Las señoras tías fruncen el ceño cuando, durante la cena con la familia real, él se ríe durante un largo rato.“El rey de Nápoles me dio un excelente consejo para tener cuidado con “el hombre que no debe ser nombrado pero que quiere tomar todo lo que le conviene”. La reina se estremeció de molestia. Todos entendieron que “el hombre que no debe ser nombrado” es José II. Gustave III se mece en su silla de caoba, encantado con su insolencia que convierte el azul de las pupilas de María Antonieta en azul tinta. Le encanta verla sonrojarse, contenerse, morderse el grueso labio Habsburgo para no dejar estallar su orgullo herido. Lo sostiene Fersen y lo disfruta muchísimo.“Señora, volveré a verla con mucho gusto". Se ríe, se burla, bebe vino de champán, es insoportable, pero ahí está Fersen, a quien apenas vio por culpa de ese imbécil. Luego le sonrió con exquisita gracia y ojos gélidos.

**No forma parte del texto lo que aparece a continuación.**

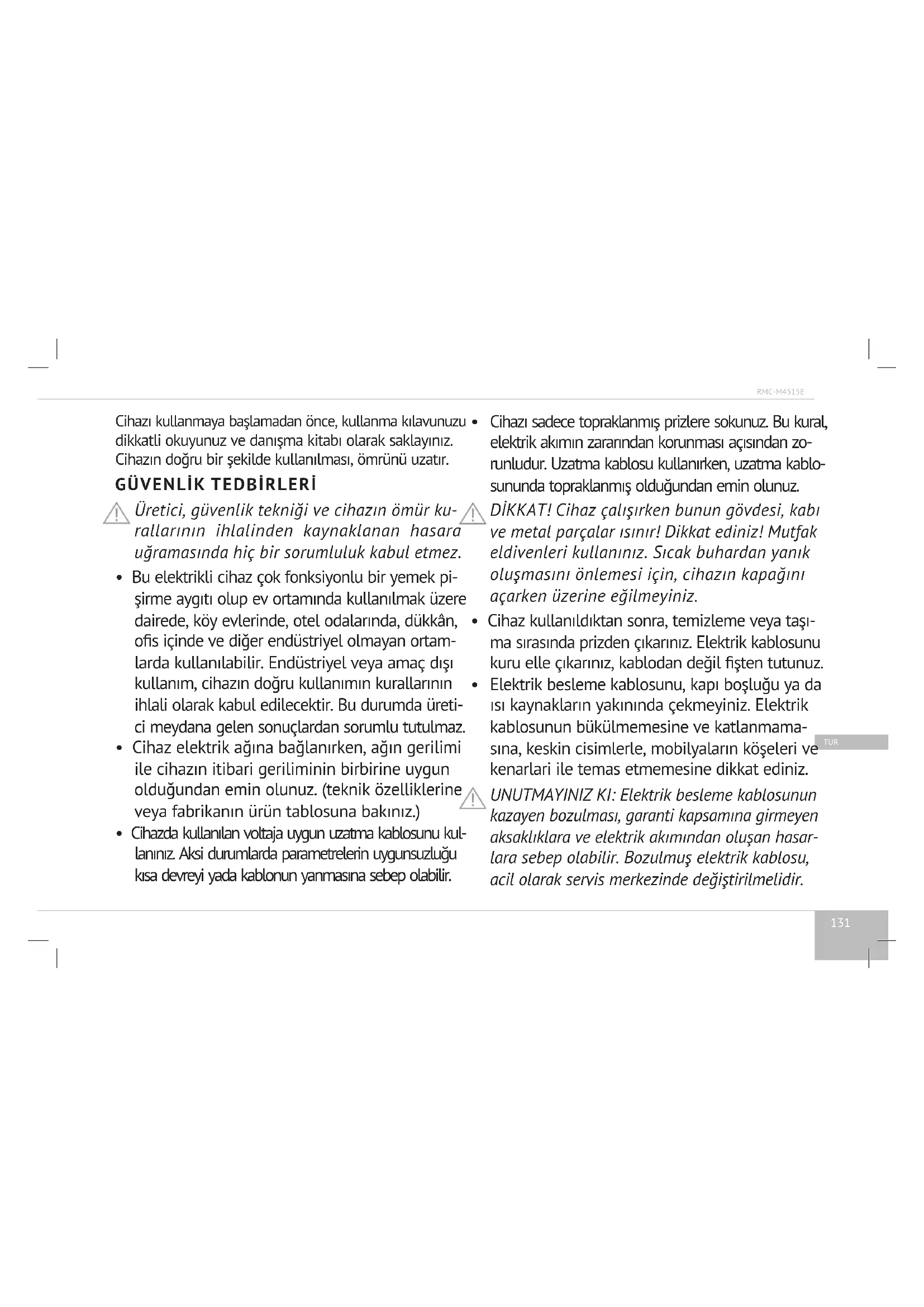 Kurallara uygun kullanım İlk kullanımdan önce kullanma kılavuzunu dikkatlice oku- yunuz. Böylece kendinizi ve cihazınızı olu- şabilecek zararlardan korumuş oluruz. Ciha- zı sadece monte edilmiş vaziyette kullanınız. Ancak bu şekilde elektrik ileten bölümlere temas etme tehlikesi ortadan kalkabilir. Besinlerin özenle hazırlanması sağlığınız açısın- dan çok önemlidir. Bu cihazı kapağı açık olarak kullanmayınız. Evdeki Çocuklar Bu cihaz 8 yaşından büyük çocuklar ve ziksel, duy- gusal ve zihinsel kapasitesinde eksiklik, sorun ve- yahut cihaza dair tecrübe eksikliği olan veyahut133 RMC-M4515E TUR kullanım kitabını okumayacak veyahut anlayama- yacak, güvenlik önlemlerini uygulamayacak kişiler tarafından kesinlikle yalnız başına kullanılmama- lıdır. Yukarıda anılan kişiler ve 8 yaşından büyük çocuklar yanlarında ürünü tanıyan ve güvenlik önlemlerini alabilecek bir refakatçi ile kullanmalı- dır. Çocuklar kesinlikle ürünle veyahut elektrik bağ- lantıları ile oynamamalıdır. 8 yaşın altındaki çocuk- lar kesinlikle cihaza yaklaştırılmamalıdır. Cihazın bakım ve temizliği kesinlikle başlarında refakatçi olmaksızın çocuklar tarafından yapılmamalıdır. Cihaz çalışır iken ısınır ve kapatıldıktan sonra da bir süre sıcak kalır. Yanık tehlikesi açısından soğuyun- caya kadar çocukları ocaktan uzak tutunuz. Çocuk- ların ilgisini çekebilecek eşyaları ürünün üstüne ve arkasına koymayınız. Çünkü çocuklar bunları almak için cihazın üzerine çıkmak isteyecektir. Yanık tehlikesi! Çocukların cihaz ile oynama- sına ve içine açmasına izin vermeyiniz. Amba- laj malzemeleri çocuklar için tehlikeli olabilir (folyo ve stropor gibi). Boğulma tehlikesi! Am- balaj malzemelerini çocuklardan uzak yerler- de saklayınız veya mümkün olduğunca çabuk evden çıkartınız. Artık kullanılmayan cihazın elektrik bağlantısı evde oynayan çocuklar için bir tehlike yaratmaması açısından sökülmeli ve tüm kablolar ortadan kaldırılmalıdır. Diğer Tehlikelerden Korunma Cihaz yakınındaki bir prizden faydalanırken, kablonun sıcak cihaza temas etmemesine dikkat ediniz. Kablo izolasyonu zarar görebilir. Cereyan çarpma tehlikesi.

Madame Campan relata la siguiente anécdota: Gustavo se presenta inesperadamente en Trianon para cenar con la reina. María Antonieta le pide a Madame Campan, frente a Gustavo, que “eleve” su cena, lo que provoca una sonrisa en Madame Campan (porque siempre había mucho para comer). Una vez que se fue Gustavo, la reina reprocha a Madame Campan haber sonreído porque al pedirle que aumentara su cena, intentaba dar una “lección” al rey de Suecia “por su exceso de confianza”.

Madame Campan afirma que María Antonieta tenía prejuicios contra Gustavo. Sin embargo, todo lo que sabemos de este viaje y las relaciones entre los dos soberanos parece contradecir la afirmación de Madame Campan, y si esta pequeña escena en Trianon que ella describe, en el que la reina le dio una lección al soberano sueco, en realidad tuvo lugar en la forma en que se describe, no era más que una ebullición momentánea de colera que fue rápidamente olvidado.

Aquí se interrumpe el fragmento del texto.